# SIMULATED STEEL BOX CARS ?



## Randy Stone (Jan 2, 2008)

Well, I've finally got most if not all my trains back home from storage and while I've collected mostly hoppers and know them pretty well.

But SIMULATED STEEL BOX CARS?

I have purchased two of these USAT "simulated steel box cars".

I also had purchased a B&O AML box car.

I noticed how much bigger the AML box that the box car was in.

It was like a 1/3rd bigger.

So I pulled the AML and the two USAT simulated steel box cars out of there boxes.

The AML car looks huge compared to the two USAT cars. 17 inch long

In looking at the two USAT box cars, they look to be the same size as the USA RO wooden box cars I have. 14 5/8 inch long

I have two Aristo Craft Box cars somewhere in all the boxes and I believe they are approximately the same size as the AML.

I was looing for 40 foot box cars from the late 40s to mid 60s era.

I don't think 14 5/8 inch works out to 40 feet.

So what is USAT meaning by simulated steel box cars.


----------



## Dr Rivet (Jan 5, 2008)

Randy 

I looked at the photos on the USAT site. What an odd choice of words. In the real world they would be called "rebuilt" box cars, or "steel sheathed" box cars. Clearly, USAT took the original wood box car that was a clone of the original LGB, replaced the ends with "stamped steel" and the sides with "riveted steel panels". On prototype cars this resulted in steel cars that were sometimes shorter in length, and had much lower inside height. One interesting thing is that they have at least two or three door variations. The plug door is not even close to correct. 

These cars would be approximately correct for periods in the time frame of 1915 to 1940 with archbar or Andrews trucks. Remember these cars are based on models that are approximately 1:22.5 NG. 

The AML car is a 1:29 model of a Pullman Standard PS-1 box car that has an inside height of 10 ft 6 in rather than a rebuilt wooden car with an inside height of 8 ft 3in to 8 ft 6 in. 

As to length, 17 inches is 41 ft in 1:29, almost exactly correct for the box cars on the 1940-60 period. 14.625 in is just over 35 ft in 1:29, an acceptable representation of a 36 ft rebuilt car. 

Just go with it


----------



## chuck n (Jan 2, 2008)

Early on USAt made "steel" box cars that were the same dimensions as their wooden ones. The wooden ones are 1:24 in size, but nothing existed for a "steel" prototype in that size. Then they came out with their ultimate series, which is 1:29.
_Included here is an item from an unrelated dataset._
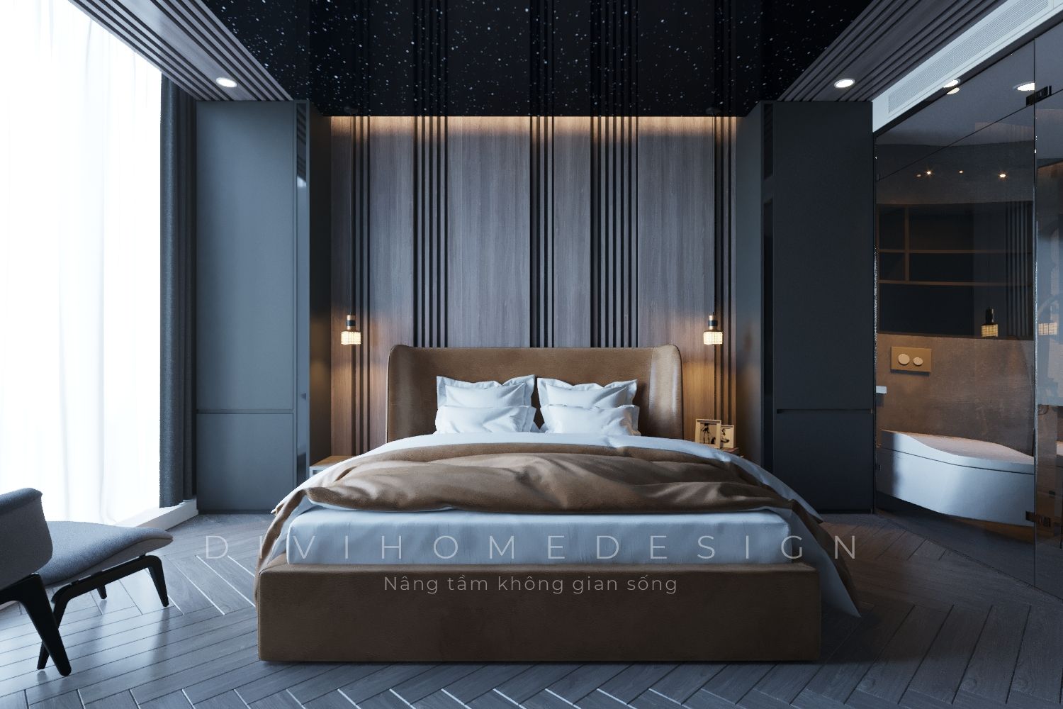 Nhà tắm được ngăn cách với phòng ngủ bằng kính cường lực trong suốt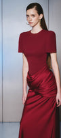 This dress features a stunning sheath silhouette, accentuating your natural curves. The draped design adds a touch of elegance and sophistication to your look. Crafted from a blend of cotton and silk, this dress offers a comfortable and luxurious feel while flattering your figure. Perfect for formal occasions or a night out, this dress is a must-have in your wardrobe.

Your "steel" cars are very close to 1:32 in length but off slightly in height and width.


Chuck


----------



## Randy Stone (Jan 2, 2008)

Thanks Jim and Chuck 

I guess I'm going to have to make sure of what I'm bidding on in the future.


----------



## chuck n (Jan 2, 2008)

Randy:

These cars are short, sort of, but at the head of a coal train with hoppers that are also short and long, no one will notice. Especially if you mix them in with other cars of different heights and lengths, such as flats, gondolas, hoppers and tanks. I have used it as a head end car with a string of USAt streamliners pulled by the mallet. It is just there, as long as it isn't coupled to real 40 foot box cars, I think that you'll be OK.


I use one as a battery car for my mallet and DM&IR ore train.


----------



## Randy Stone (Jan 2, 2008)

Oh, I'm not going to get rid of them. Just going to try not to buy anymore. 

Your Mallet and the B&O box car look great Chuck


----------



## chuck n (Jan 2, 2008)

If anyone is interested the car data, on the side, on one of the early USA cars in questions says that it is 40'.

Chuck


----------